## WHAT THE EXERCISE ASKS
When you copy from the entries that follow, take only the lines from the one with "지난해 치과 의료급여" down to the one with "We bought Maximón", keeping both ends and dropping every picture.

## THE RECORDS
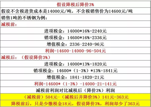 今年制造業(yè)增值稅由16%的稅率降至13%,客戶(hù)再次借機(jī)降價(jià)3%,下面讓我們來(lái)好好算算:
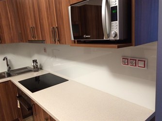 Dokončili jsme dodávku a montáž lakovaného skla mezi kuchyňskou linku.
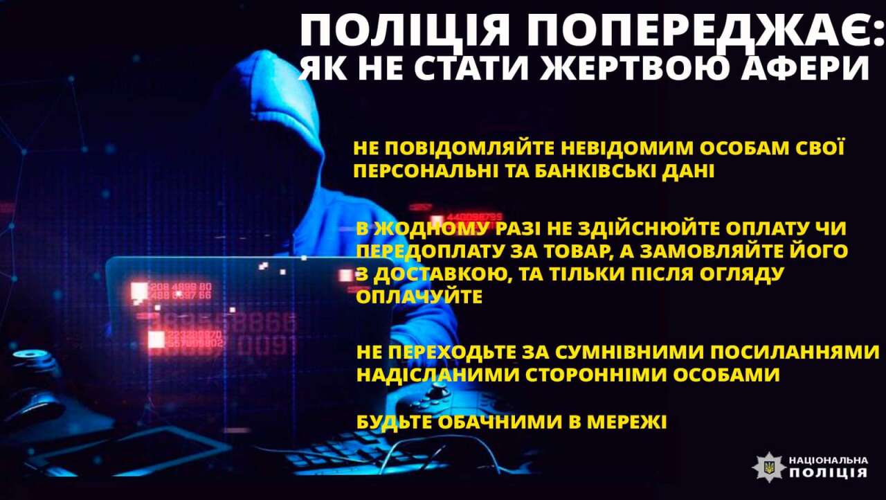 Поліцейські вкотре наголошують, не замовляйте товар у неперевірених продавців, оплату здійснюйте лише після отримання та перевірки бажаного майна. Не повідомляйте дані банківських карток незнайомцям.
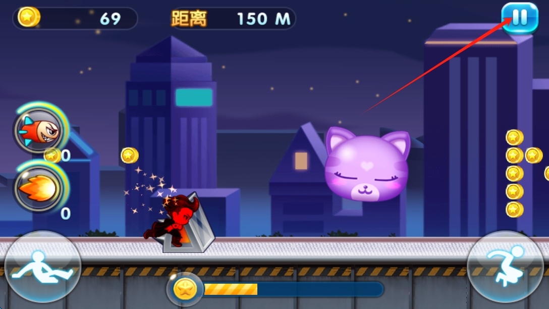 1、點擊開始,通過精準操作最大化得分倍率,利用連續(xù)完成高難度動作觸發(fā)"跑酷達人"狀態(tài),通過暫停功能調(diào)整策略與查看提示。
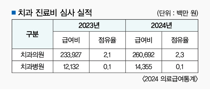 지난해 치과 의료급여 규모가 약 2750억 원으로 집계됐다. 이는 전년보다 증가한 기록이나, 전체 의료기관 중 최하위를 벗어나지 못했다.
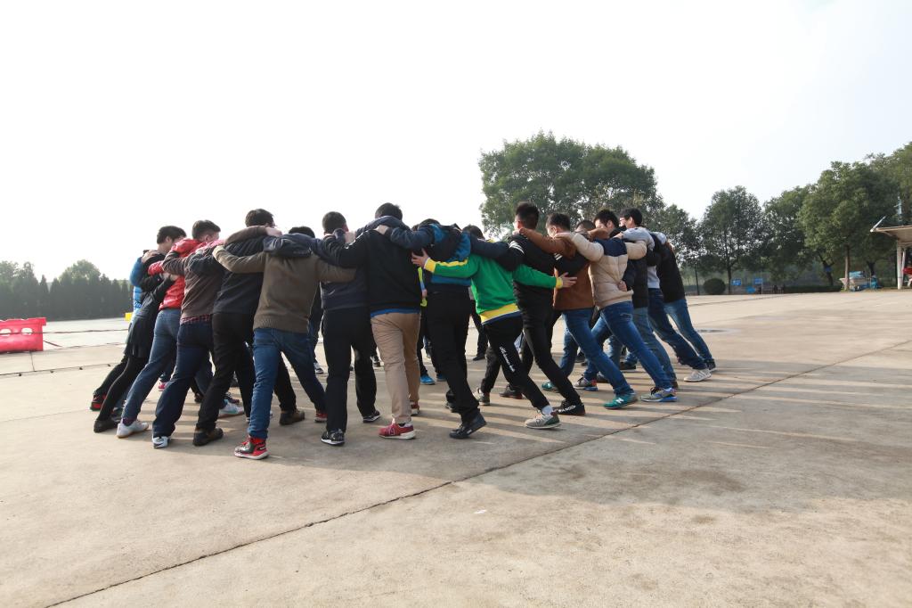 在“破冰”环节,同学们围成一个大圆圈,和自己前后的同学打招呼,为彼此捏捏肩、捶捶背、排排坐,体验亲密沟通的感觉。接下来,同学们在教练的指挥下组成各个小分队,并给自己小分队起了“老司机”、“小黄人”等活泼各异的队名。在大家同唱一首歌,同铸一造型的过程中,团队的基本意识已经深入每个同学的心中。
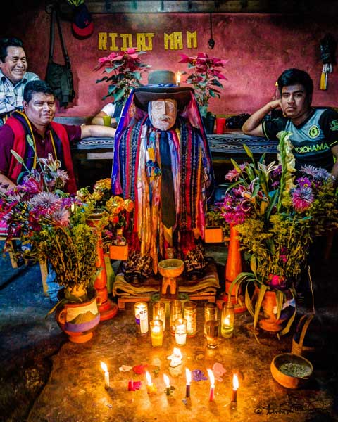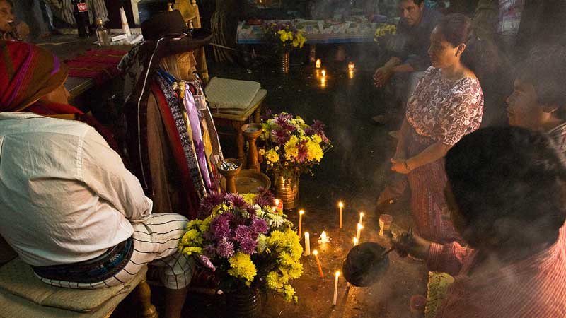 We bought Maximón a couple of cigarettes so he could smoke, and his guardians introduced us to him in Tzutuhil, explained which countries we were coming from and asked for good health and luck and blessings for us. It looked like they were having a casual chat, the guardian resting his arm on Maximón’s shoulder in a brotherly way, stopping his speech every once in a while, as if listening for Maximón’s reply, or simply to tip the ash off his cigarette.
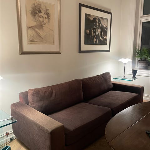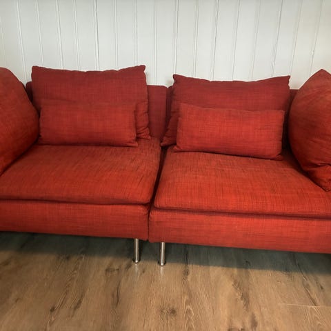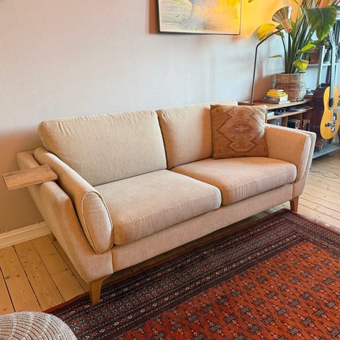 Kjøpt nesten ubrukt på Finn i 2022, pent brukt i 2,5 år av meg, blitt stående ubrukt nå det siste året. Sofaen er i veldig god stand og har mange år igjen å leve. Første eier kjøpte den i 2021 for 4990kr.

...

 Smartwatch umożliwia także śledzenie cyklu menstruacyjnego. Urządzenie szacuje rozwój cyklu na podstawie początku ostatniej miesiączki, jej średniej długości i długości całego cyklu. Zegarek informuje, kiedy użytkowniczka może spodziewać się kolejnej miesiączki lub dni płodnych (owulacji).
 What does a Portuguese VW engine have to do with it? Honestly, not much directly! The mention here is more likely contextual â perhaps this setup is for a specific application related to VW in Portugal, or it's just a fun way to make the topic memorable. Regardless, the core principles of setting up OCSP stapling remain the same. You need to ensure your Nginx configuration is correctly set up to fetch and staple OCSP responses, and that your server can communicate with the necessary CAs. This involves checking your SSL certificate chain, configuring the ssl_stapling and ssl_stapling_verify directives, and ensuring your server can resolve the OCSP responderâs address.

## EXERCISE RESULT
 지난해 치과 의료급여 규모가 약 2750억 원으로 집계됐다. 이는 전년보다 증가한 기록이나, 전체 의료기관 중 최하위를 벗어나지 못했다.
 在“破冰”环节,同学们围成一个大圆圈,和自己前后的同学打招呼,为彼此捏捏肩、捶捶背、排排坐,体验亲密沟通的感觉。接下来,同学们在教练的指挥下组成各个小分队,并给自己小分队起了“老司机”、“小黄人”等活泼各异的队名。在大家同唱一首歌,同铸一造型的过程中,团队的基本意识已经深入每个同学的心中。
 We bought Maximón a couple of cigarettes so he could smoke, and his guardians introduced us to him in Tzutuhil, explained which countries we were coming from and asked for good health and luck and blessings for us. It looked like they were having a casual chat, the guardian resting his arm on Maximón’s shoulder in a brotherly way, stopping his speech every once in a while, as if listening for Maximón’s reply, or simply to tip the ash off his cigarette.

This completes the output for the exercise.